Scientist Pat Spain Travels The Globe Seeking Legendary Creatures

Some of the hyper-educated sign their names with “doctor” or “esquire” but no title is as much fun as Pat Spain’s.

Spain refers to himself, quite accurately, as a “microbiologist, wildlife scientist and beast hunter.”

Yes, it’s as exciting as it sounds. Part adventurer, part explorer and all scientist, Spain stakes out legendary creatures in National Geographic Channel‘s Beast Hunter, airing Fridays beginning March 4.

He searches for the “man ape” of Sumatra; a one-eyed, smelly monster with claws, in Brazil; a swamp monster in the Congo; a sea serpent in British Columbia and a Mongolian death worm.

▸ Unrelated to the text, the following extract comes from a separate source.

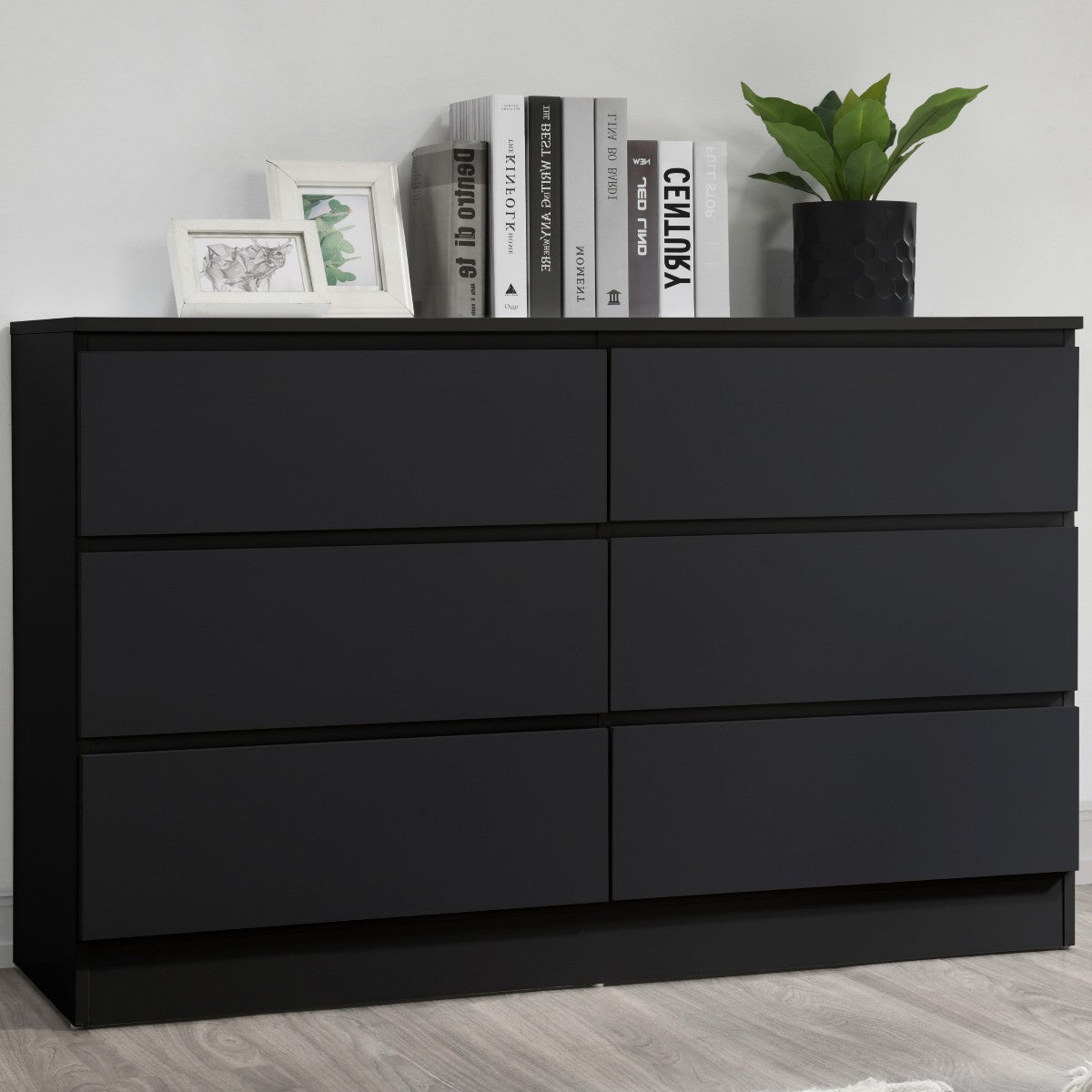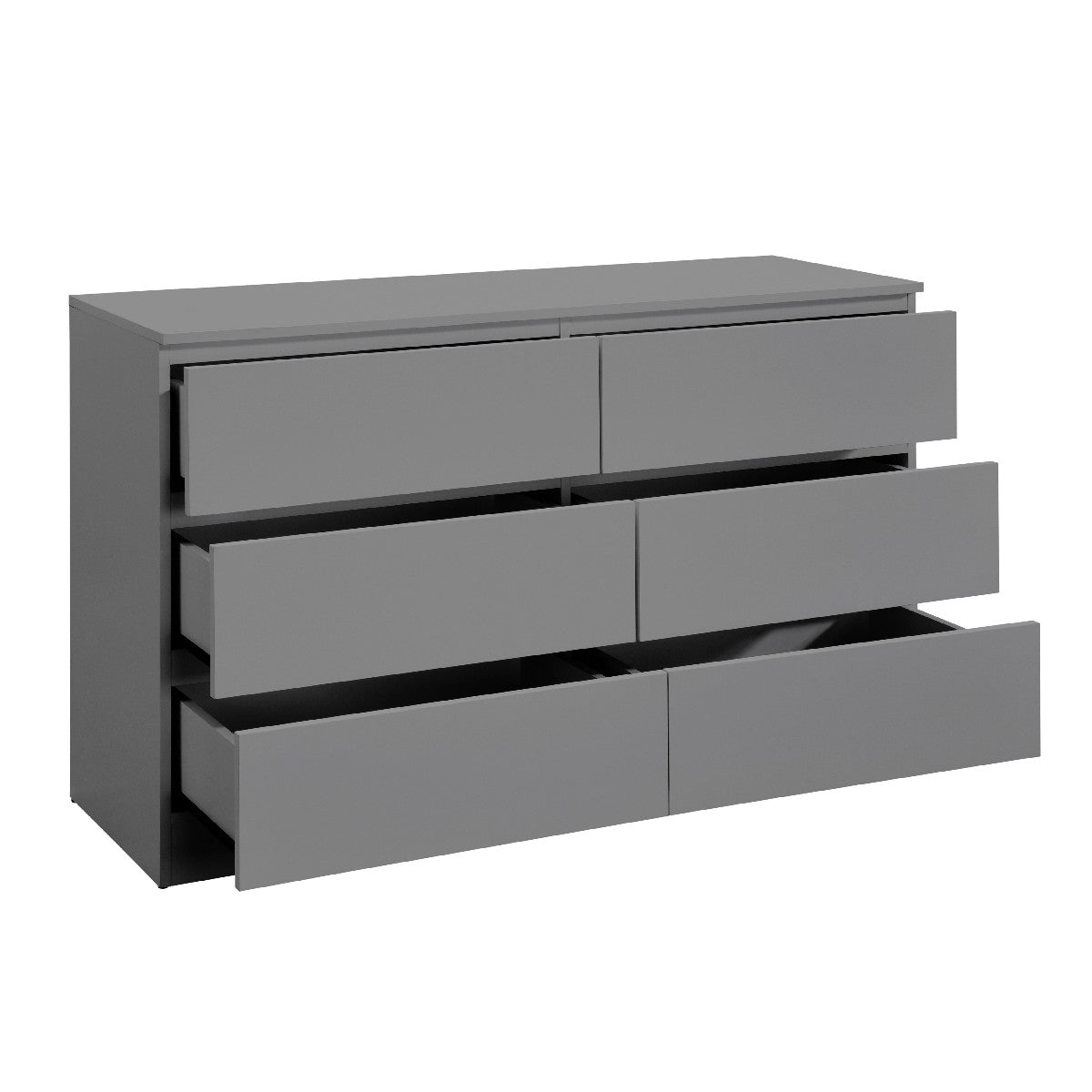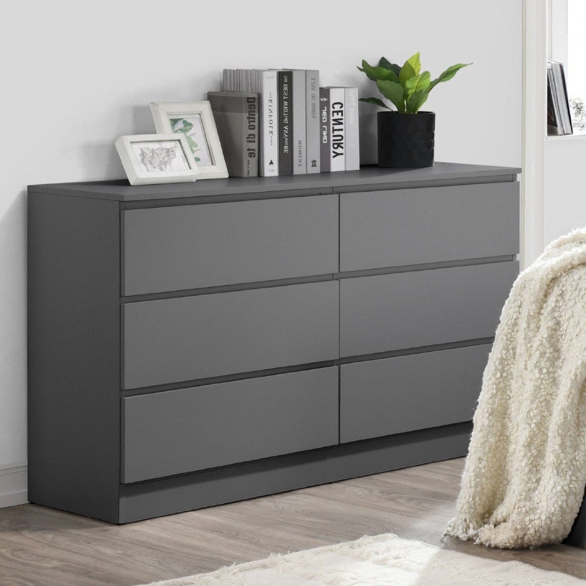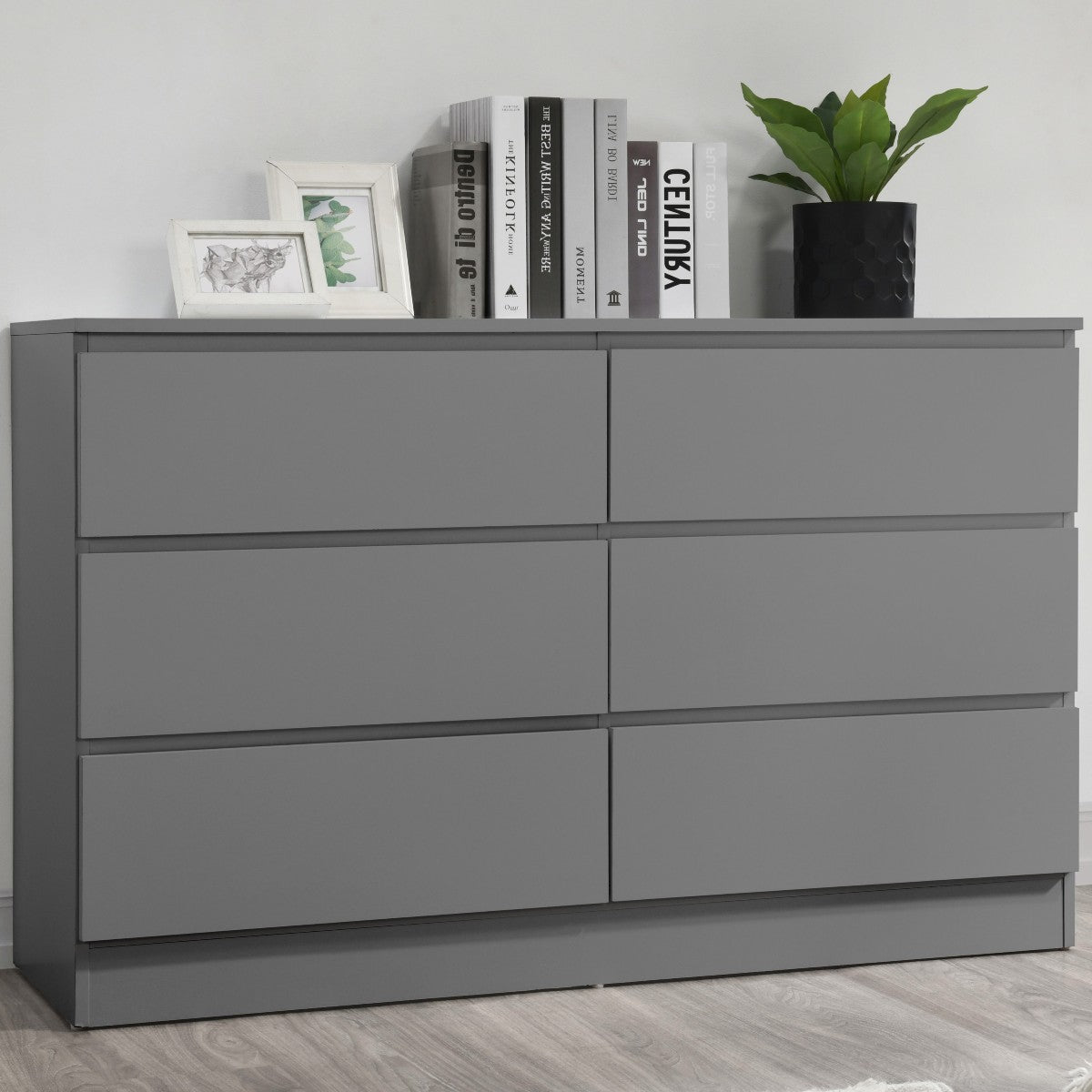 A large top surface area provides an excellent display area for your favourite decorative items, such as vases, photo frames, or plants, allowing you to personalise and enhance the visual appeal of your space. The sleek and contemporary design of the 6 Drawer Chest adds a touch of elegance to any room. The smooth-gliding drawers make accessing your belongings effortless, while ergonomic handleless entry adds a touch of refinement to the overall design.

“The goal of the show isn’t so much the search for the creature, but for the evidence,” he says. “Capturing a live one is the gold standard, to have a specimen in a museum that can be compared to all other known species so you can define a new species. Without the body there have been new species named, based on incredibly good video and photographic proof that was not altered in any way.”

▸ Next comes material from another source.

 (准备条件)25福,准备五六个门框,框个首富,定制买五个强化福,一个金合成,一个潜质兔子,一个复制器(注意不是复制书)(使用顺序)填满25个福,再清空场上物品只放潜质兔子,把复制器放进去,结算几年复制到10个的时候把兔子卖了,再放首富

Spain’s unadulterated enthusiasm as a lifelong naturalist combined with his scientist’s natural skepticism make the five-part series fun and credible. The pilot does a good job of setting the series’ pace and reasoning: He endures great heights — trekking 6,000 feet above sea level — and tremendous depths, shaking from hypothermia in a narrow canoe going across the water in a dormant volcano.

He seeks eyewitnesses who have been terrified by the beasts. They’re believable because they don’t want to discuss their experience, meaning there’s not a reality show hopeful among them. Their accounts, from different vantage points, and from people who do not know one another, are strangely similar.

“I really hope it makes them take a second look,” Spain says of viewers. “And helps them see the world is so mysterious and things we haven’t found and how exciting that is. I think we have lost that sense of wonder.”

Despite working as a scientist for a biotech company, Spain retains a passion for exploration. He reasons that had someone described the megamouth shark before the deep-water breed was discovered in 1976, it would have sounded like a sea monster.

For now, all he can do is collect the stories and try tracking evidence, hoping it results in a previously undocumented beast.

“I hope to show how unusual the world is,” Spain says.